Military academy of the Russian Armed Forces

The M. V. Frunze Military Academy (Военная академия имени М. В. Фрунзе), or in full the Military Order of Lenin and the October Revolution, Red Banner, Order of Suvorov Academy in the name of M. V. Frunze (Военная орденов Ленина и Октябрьской Революции, Краснознамённая, ордена Суворова академия имени М. В. Фрунзе), was a military academy of the Soviet and later the Russian Armed Forces.

Established in 1918 to train officers for the newly formed Red Army, the academy was one of the most prestigious military educational institutions in the Soviet Union.
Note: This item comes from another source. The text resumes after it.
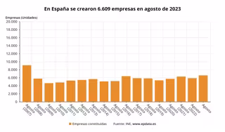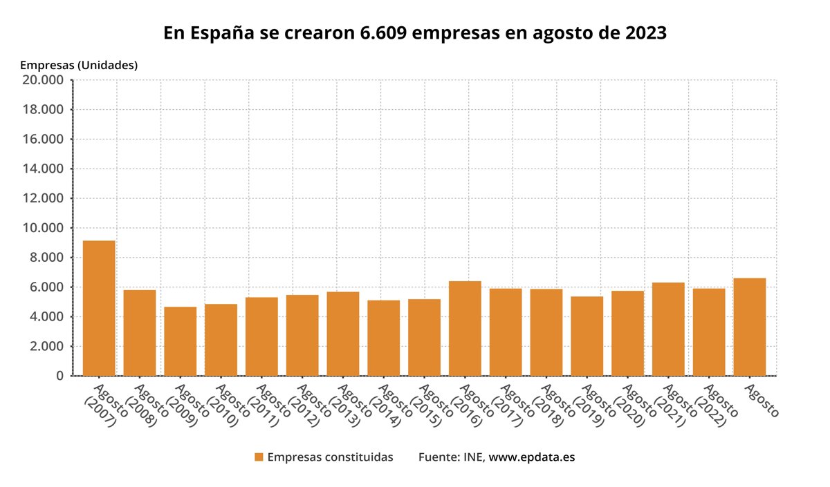Con el repunte de agosto, más de 3,5 puntos inferior al registrado en julio, la creación de empresas encadena ocho meses consecutivos de ascensos interanuales.
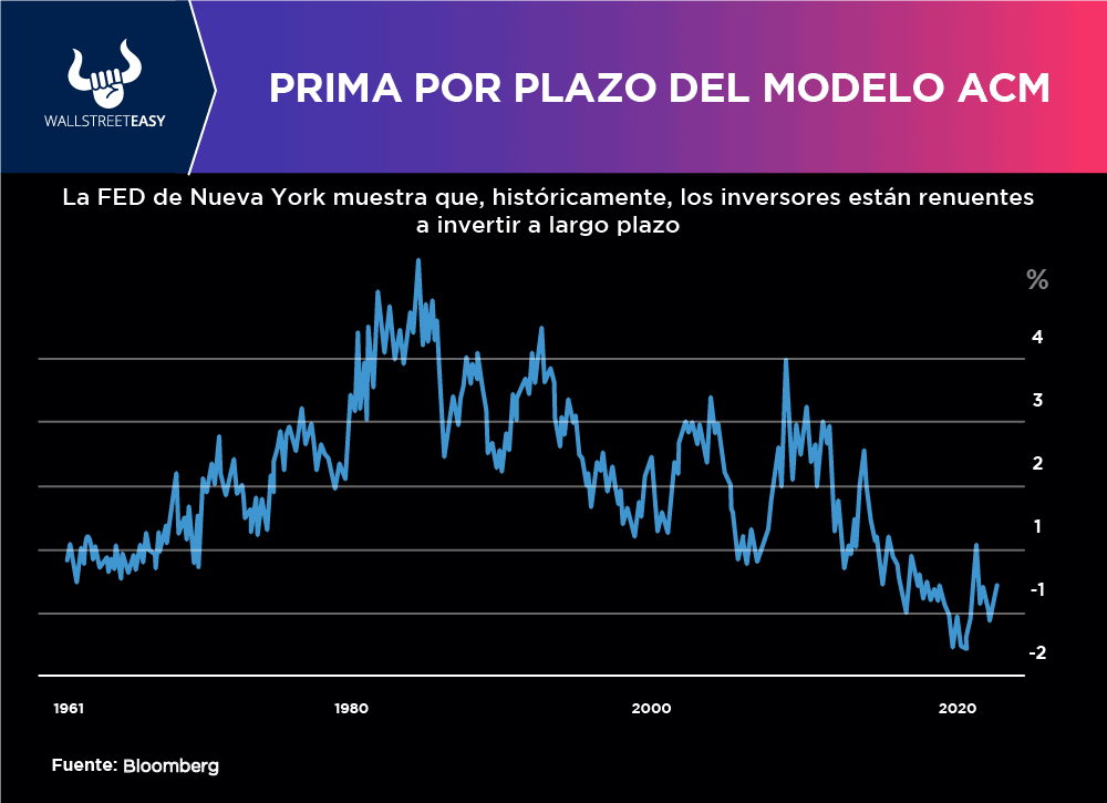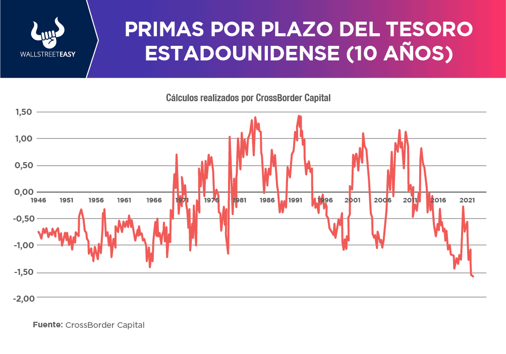 Esta tendencia es extraña, ya que generalmente el temor a una mayor inflación, como es el escenario actual, significa exigir una prima por plazo más alta. También se esperaría que sea más alta cuando el mercado de bonos es volátil, como lo ha sido últimamente. Entonces, la prima por término no dice lo que normalmente señala.

At first titled the General Staff Academy of the Red Army, taking on a similar role to its pre-revolutionary predecessor, the Imperial Nicholas Military Academy, it was renamed the Military Academy in 1921 and then the M. V. Frunze Military Academy in 1925, honouring Mikhail Frunze, who had been a commandant of the academy.

It became a higher staff college with the addition of courses for senior command officers in the 1930s, before these were transferred in 1936 to the newly formed Military Academy of the General Staff. By this time many of the Red Army's most senior commanders were graduates of the academy. During the Second World War, large numbers of staff and students were called up to fight. Many won decorations and awards, including 244 Heroes of the Soviet Union, and 18 twice Heroes of the Soviet Union. Training and research at the academy continued throughout the war.

The academy continued to train senior officers for the Soviet Armed Forces after the war, acting as a stepping stone for those tipped for high command before they attended the Military Academy of the General Staff. It was ranked as the most prestigious of all the Soviet military academies, taking officers ranked captain or above for a three-year course of study to prepare them for higher commands. The academy also offered research and postgraduate degrees in various aspects of military studies. Between 1934 and 1988, 722 graduates of the academy were awarded the title of Hero of the Soviet Union, while the academy received the Order of Lenin, the Order of Suvorov First Class, and the Order of the October Revolution.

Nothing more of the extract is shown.